[Exercise objective]: Repeat the entries below word for word, though any picture in them should be dropped.
** Materials provided follows **
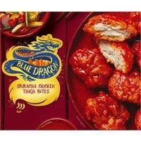 Cooked chicken thigh chunks with added water in a breaded coating with a sriracha chilli sauce sachet.
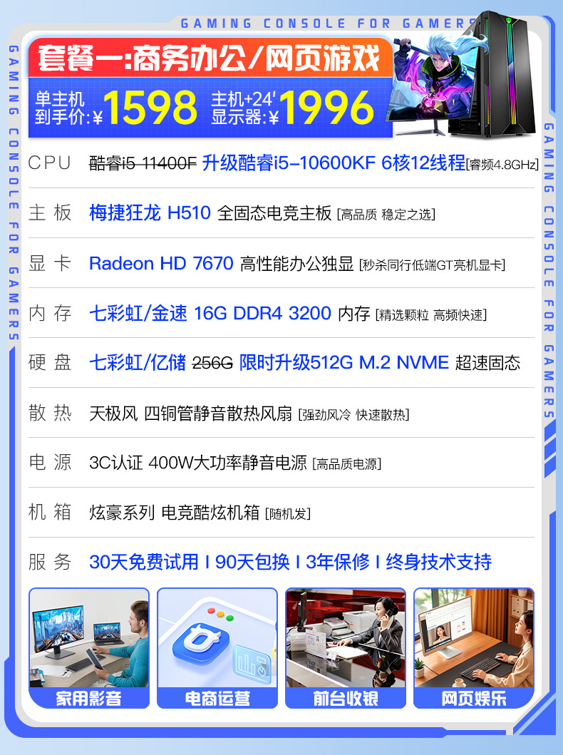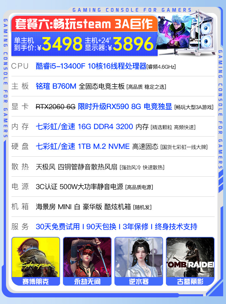 Пакет 6 i5 13400F/RX590 8G игровая независимая графика/1T M.2 высокоскоростной твердотельный накопитель
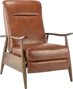 A clean classic recliner is what you get with the Benbro wood arm push back chair. Featuring chestnut brown wood arms with tapered legs this comfortable recliner adds a modern look to any room. Customer assembly is required.
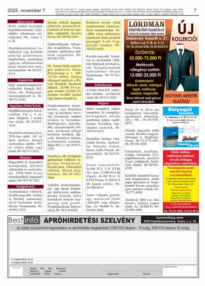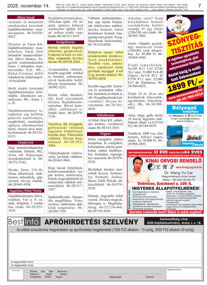 A lapban megjelent hirdetéseket a kiadó előzetes engedélye nélkül felhasználni tilos!
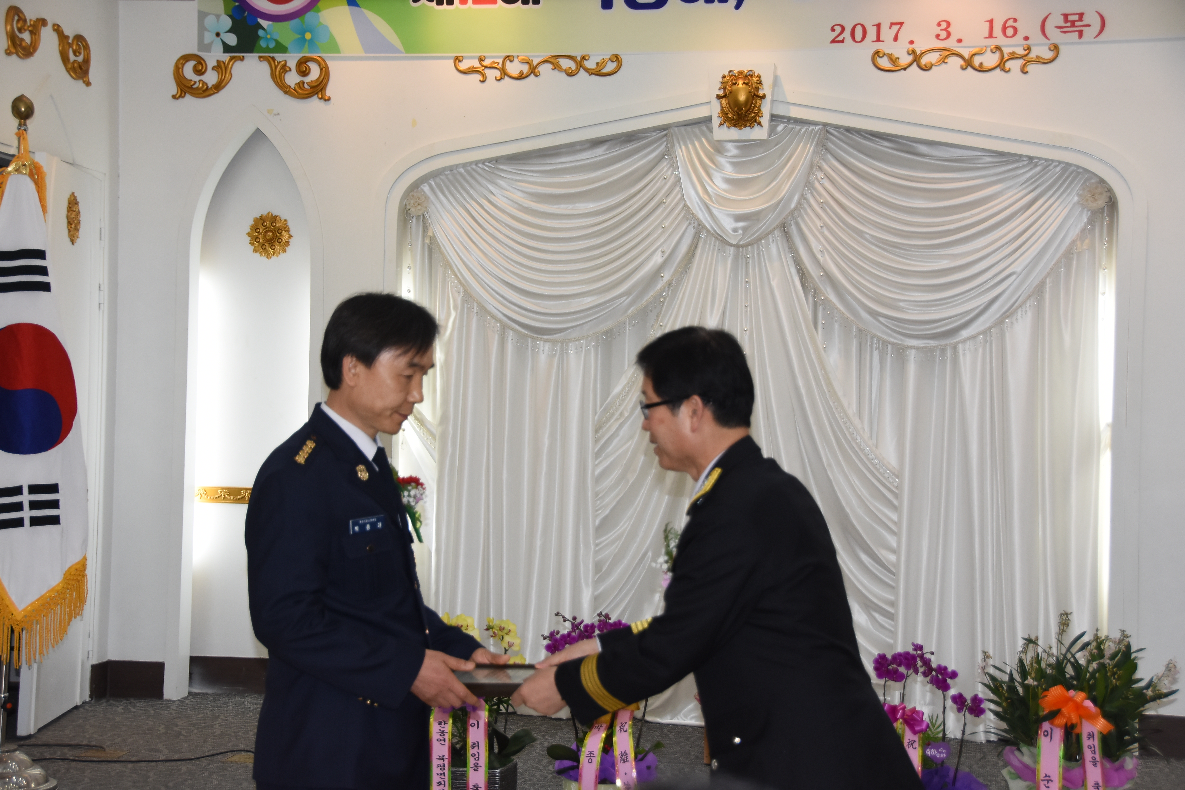 북평의용소방대장 이,취임식을 진행하였습니다.
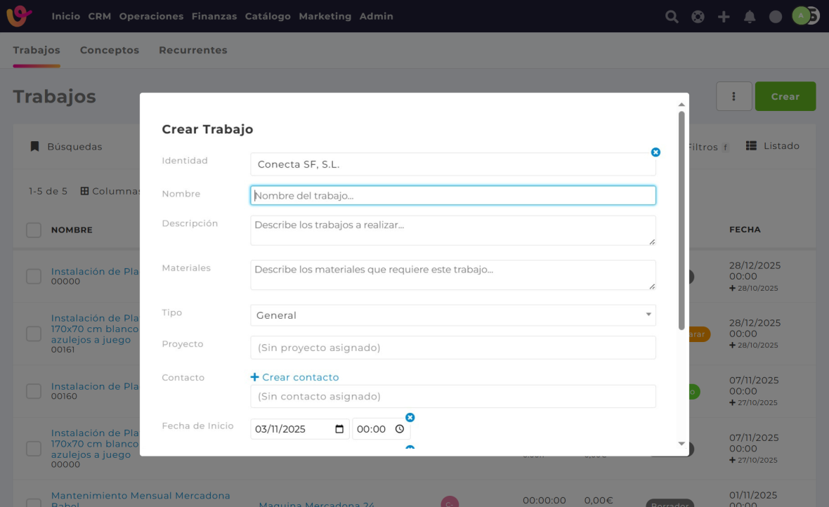 - Contacto: se completará automáticamente si el trabajo está vinculado a un cliente o proyecto.
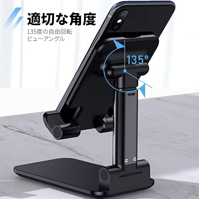 高さと角度を自由に調整できるスマホスタンド。長時間のゲームプレイでも首や肩への負担を軽減し、快適な姿勢を保てます。
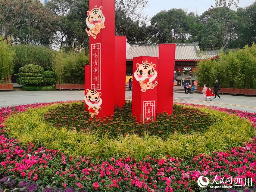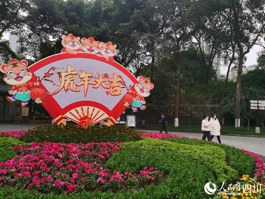 園內(nei) 的幾處空地上,布置了幾個(ge) 花壇。上邊除了吉祥的紅黃色彩,還有可愛的動漫形象老虎圖案。“虎年吉祥”“金虎迎春”“新年快樂(le) 過年好”……各種好彩頭的詞語,標示出歡度春節的主題,看了讓人精神為(wei) 之一振。
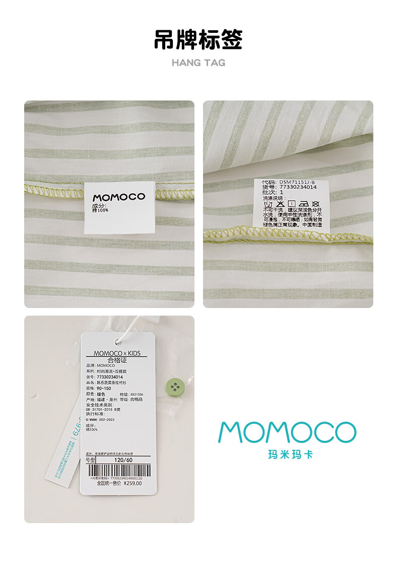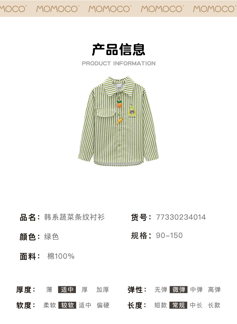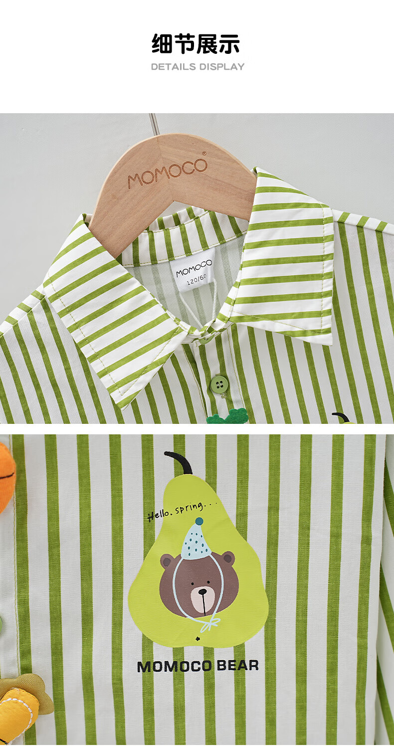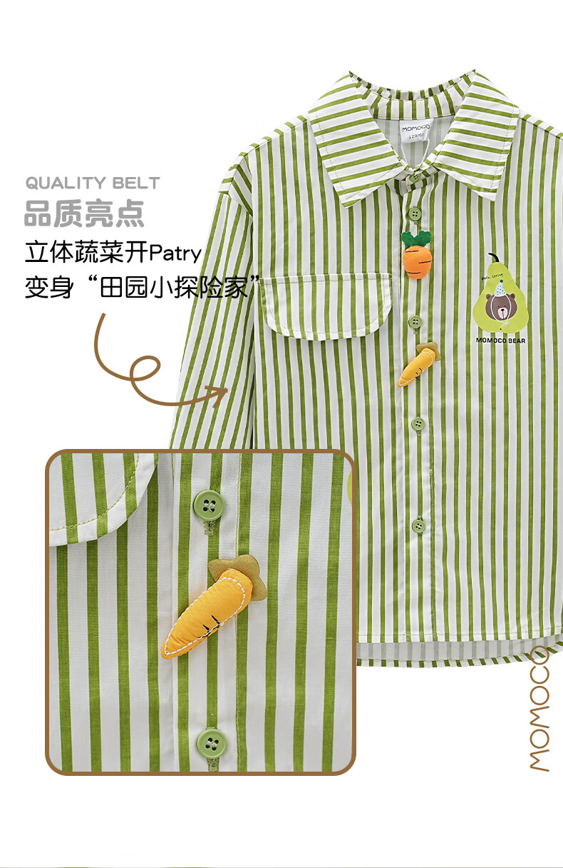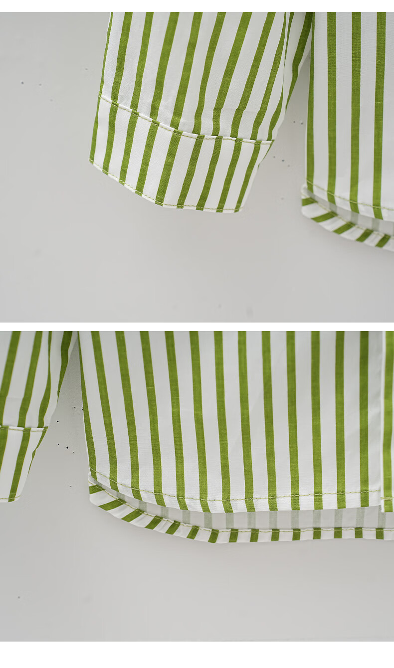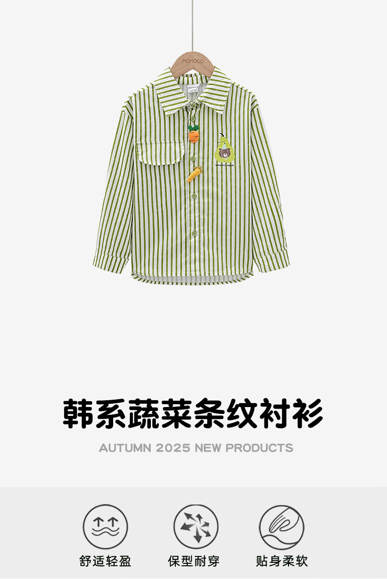 Mami Maka (MOMOCO) Children's Clothing Boys' Shirts 2025 Autumn Style Medium and Large Children's Pure Cotton Korean Vegetable Striped Shirt 014 Green 120
** End of Materials provided **
[Output]:
 Cooked chicken thigh chunks with added water in a breaded coating with a sriracha chilli sauce sachet.
 Пакет 6 i5 13400F/RX590 8G игровая независимая графика/1T M.2 высокоскоростной твердотельный накопитель
 A clean classic recliner is what you get with the Benbro wood arm push back chair. Featuring chestnut brown wood arms with tapered legs this comfortable recliner adds a modern look to any room. Customer assembly is required.
 A lapban megjelent hirdetéseket a kiadó előzetes engedélye nélkül felhasználni tilos!
 북평의용소방대장 이,취임식을 진행하였습니다.
 - Contacto: se completará automáticamente si el trabajo está vinculado a un cliente o proyecto.
 高さと角度を自由に調整できるスマホスタンド。長時間のゲームプレイでも首や肩への負担を軽減し、快適な姿勢を保てます。
 園內(nei) 的幾處空地上,布置了幾個(ge) 花壇。上邊除了吉祥的紅黃色彩,還有可愛的動漫形象老虎圖案。“虎年吉祥”“金虎迎春”“新年快樂(le) 過年好”……各種好彩頭的詞語,標示出歡度春節的主題,看了讓人精神為(wei) 之一振。
 Mami Maka (MOMOCO) Children's Clothing Boys' Shirts 2025 Autumn Style Medium and Large Children's Pure Cotton Korean Vegetable Striped Shirt 014 Green 120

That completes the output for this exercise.